» **Problem requirements**
Write out exactly the lines of the entries below from the one holding "kapazitismoari aurre egiten" to the one holding "192# 日系森女系文藝短袖寬松原創(chuàng)民族刺繡瑪雅白色棉麻上衣t恤 /", inclusive, and leave out all other lines.

» **Source data**
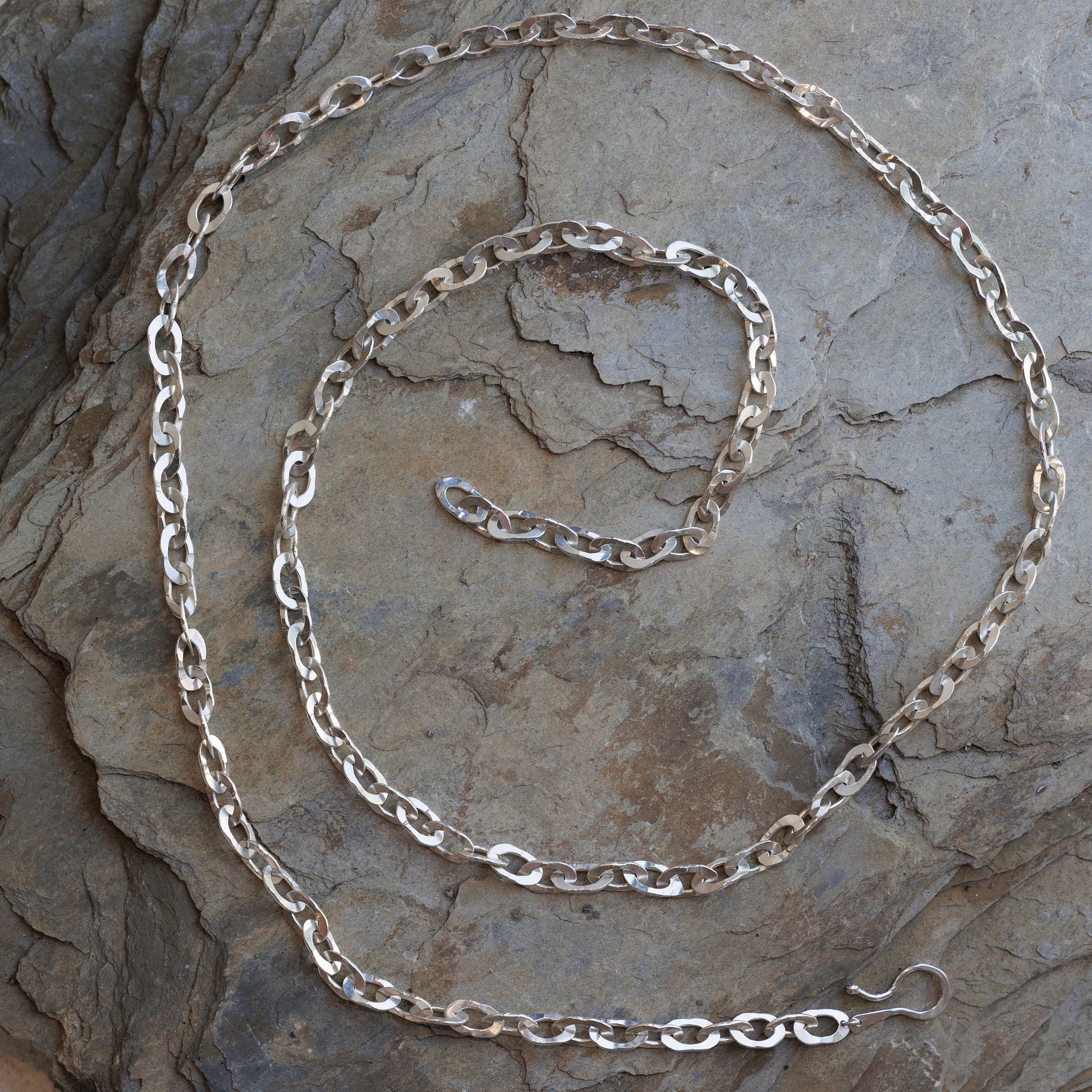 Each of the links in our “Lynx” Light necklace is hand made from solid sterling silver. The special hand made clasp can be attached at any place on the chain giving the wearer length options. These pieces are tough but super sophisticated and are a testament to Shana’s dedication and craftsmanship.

* * *

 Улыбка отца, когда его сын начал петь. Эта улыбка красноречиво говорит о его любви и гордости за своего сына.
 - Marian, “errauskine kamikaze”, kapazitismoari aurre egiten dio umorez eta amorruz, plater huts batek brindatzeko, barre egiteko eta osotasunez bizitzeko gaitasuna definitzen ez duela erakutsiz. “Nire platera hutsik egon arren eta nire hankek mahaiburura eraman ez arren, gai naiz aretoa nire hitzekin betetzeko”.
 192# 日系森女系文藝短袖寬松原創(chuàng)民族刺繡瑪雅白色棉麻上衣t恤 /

» **Result below**
 - Marian, “errauskine kamikaze”, kapazitismoari aurre egiten dio umorez eta amorruz, plater huts batek brindatzeko, barre egiteko eta osotasunez bizitzeko gaitasuna definitzen ez duela erakutsiz. “Nire platera hutsik egon arren eta nire hankek mahaiburura eraman ez arren, gai naiz aretoa nire hitzekin betetzeko”.
 192# 日系森女系文藝短袖寬松原創(chuàng)民族刺繡瑪雅白色棉麻上衣t恤 /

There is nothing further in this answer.